#### Material shown ####
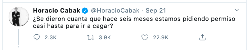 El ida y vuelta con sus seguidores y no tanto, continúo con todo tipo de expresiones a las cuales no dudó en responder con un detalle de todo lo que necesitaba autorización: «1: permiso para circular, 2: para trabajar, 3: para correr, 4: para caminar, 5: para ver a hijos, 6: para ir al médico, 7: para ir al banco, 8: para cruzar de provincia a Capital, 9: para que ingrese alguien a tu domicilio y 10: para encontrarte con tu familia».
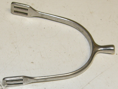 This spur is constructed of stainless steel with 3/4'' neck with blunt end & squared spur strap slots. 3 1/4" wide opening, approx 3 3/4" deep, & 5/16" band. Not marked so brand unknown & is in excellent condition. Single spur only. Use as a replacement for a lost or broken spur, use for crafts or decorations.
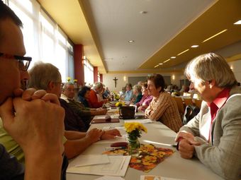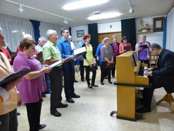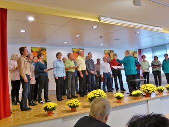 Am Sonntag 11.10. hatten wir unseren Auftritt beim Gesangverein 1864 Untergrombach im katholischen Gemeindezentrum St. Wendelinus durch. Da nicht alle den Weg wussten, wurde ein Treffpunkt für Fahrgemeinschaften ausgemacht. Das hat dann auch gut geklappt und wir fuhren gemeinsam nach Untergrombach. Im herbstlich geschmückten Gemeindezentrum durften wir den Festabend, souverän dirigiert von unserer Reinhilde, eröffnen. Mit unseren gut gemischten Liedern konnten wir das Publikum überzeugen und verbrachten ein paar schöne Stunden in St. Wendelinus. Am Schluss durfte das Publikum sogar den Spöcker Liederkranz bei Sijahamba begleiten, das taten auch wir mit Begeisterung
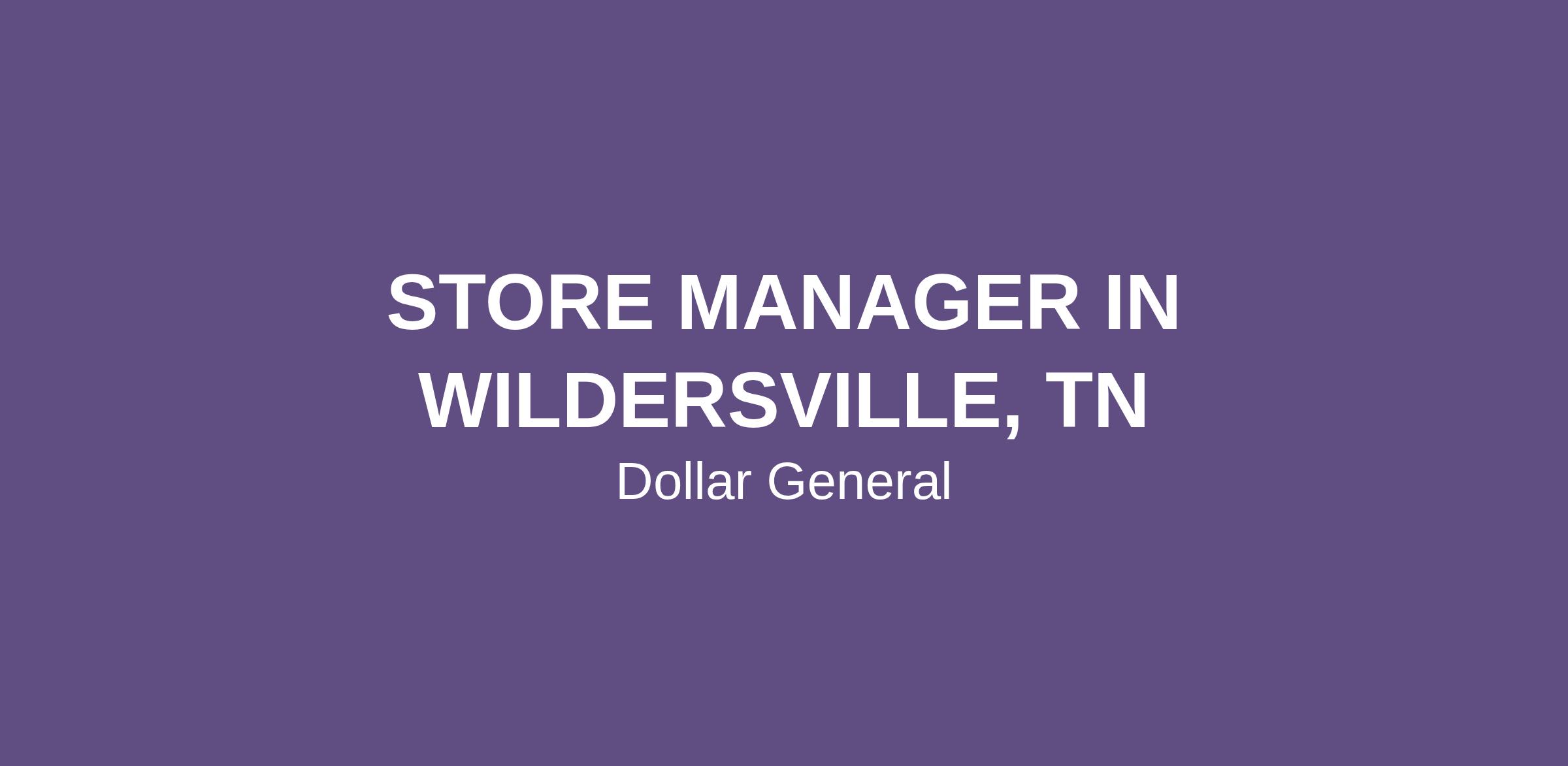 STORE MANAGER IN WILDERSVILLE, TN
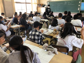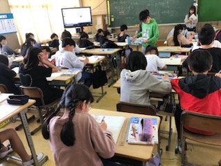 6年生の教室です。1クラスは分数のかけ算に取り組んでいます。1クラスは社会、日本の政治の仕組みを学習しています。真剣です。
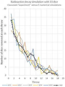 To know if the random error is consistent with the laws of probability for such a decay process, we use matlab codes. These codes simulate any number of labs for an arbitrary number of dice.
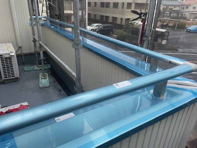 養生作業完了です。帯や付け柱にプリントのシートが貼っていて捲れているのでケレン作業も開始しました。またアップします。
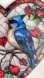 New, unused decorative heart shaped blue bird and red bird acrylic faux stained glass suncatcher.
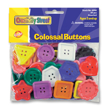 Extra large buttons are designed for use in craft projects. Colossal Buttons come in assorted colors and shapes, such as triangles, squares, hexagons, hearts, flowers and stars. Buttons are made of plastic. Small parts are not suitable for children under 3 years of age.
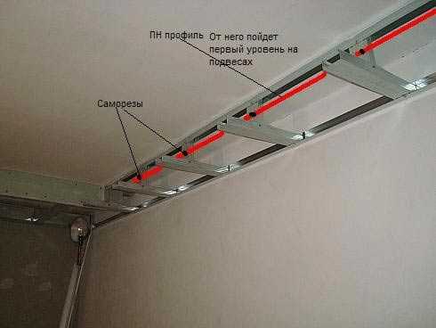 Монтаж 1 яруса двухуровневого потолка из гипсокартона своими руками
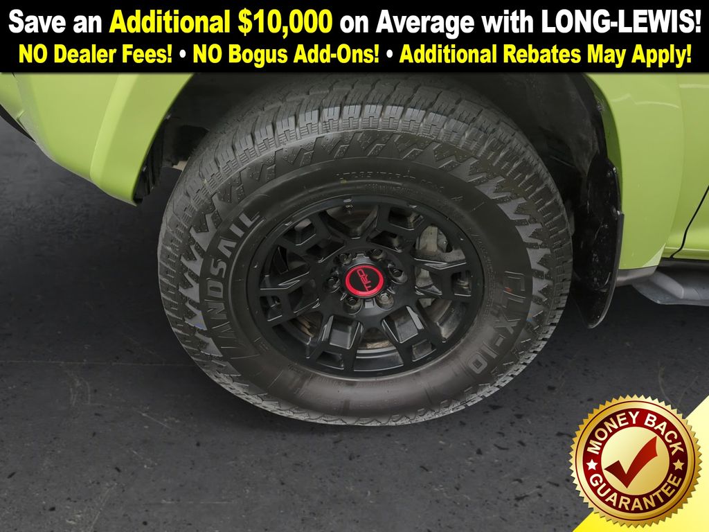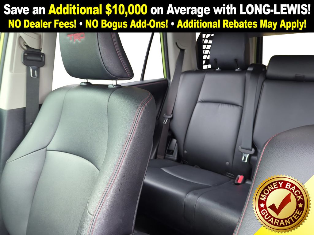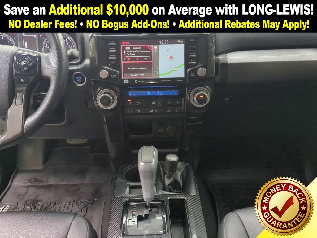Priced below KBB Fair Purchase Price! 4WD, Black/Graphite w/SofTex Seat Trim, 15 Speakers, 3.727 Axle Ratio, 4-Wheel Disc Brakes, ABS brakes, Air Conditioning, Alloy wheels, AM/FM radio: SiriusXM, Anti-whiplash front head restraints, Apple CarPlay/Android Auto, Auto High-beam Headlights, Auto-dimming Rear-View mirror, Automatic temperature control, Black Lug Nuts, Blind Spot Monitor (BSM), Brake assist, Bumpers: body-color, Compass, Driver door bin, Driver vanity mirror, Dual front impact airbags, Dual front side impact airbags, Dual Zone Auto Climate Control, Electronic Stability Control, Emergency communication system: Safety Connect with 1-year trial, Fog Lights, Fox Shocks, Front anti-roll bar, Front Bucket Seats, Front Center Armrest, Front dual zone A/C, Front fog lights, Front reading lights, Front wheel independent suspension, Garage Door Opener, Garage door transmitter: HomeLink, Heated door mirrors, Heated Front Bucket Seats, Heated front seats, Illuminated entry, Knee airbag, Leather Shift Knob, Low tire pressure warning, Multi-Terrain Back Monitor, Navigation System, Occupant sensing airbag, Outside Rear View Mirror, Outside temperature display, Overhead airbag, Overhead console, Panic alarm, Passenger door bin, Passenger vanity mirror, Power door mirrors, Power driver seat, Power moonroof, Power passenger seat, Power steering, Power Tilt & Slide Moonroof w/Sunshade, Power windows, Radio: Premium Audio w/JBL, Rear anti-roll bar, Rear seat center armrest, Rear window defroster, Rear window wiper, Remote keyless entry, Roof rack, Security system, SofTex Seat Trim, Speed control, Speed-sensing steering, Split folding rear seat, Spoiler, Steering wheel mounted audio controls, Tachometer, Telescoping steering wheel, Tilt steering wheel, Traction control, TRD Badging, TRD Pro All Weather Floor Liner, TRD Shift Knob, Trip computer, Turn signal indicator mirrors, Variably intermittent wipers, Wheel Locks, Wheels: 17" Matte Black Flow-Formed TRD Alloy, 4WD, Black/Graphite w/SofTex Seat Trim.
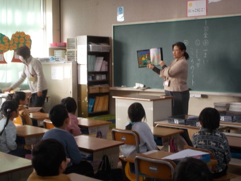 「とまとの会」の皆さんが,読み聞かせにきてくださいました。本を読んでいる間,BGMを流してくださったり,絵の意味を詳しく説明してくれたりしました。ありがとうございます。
####
Work request —
Please return only the lines from the top of the data through the line with "This spur is", exactly as written, and drop every picture.

Response area —
 El ida y vuelta con sus seguidores y no tanto, continúo con todo tipo de expresiones a las cuales no dudó en responder con un detalle de todo lo que necesitaba autorización: «1: permiso para circular, 2: para trabajar, 3: para correr, 4: para caminar, 5: para ver a hijos, 6: para ir al médico, 7: para ir al banco, 8: para cruzar de provincia a Capital, 9: para que ingrese alguien a tu domicilio y 10: para encontrarte con tu familia».
 This spur is constructed of stainless steel with 3/4'' neck with blunt end & squared spur strap slots. 3 1/4" wide opening, approx 3 3/4" deep, & 5/16" band. Not marked so brand unknown & is in excellent condition. Single spur only. Use as a replacement for a lost or broken spur, use for crafts or decorations.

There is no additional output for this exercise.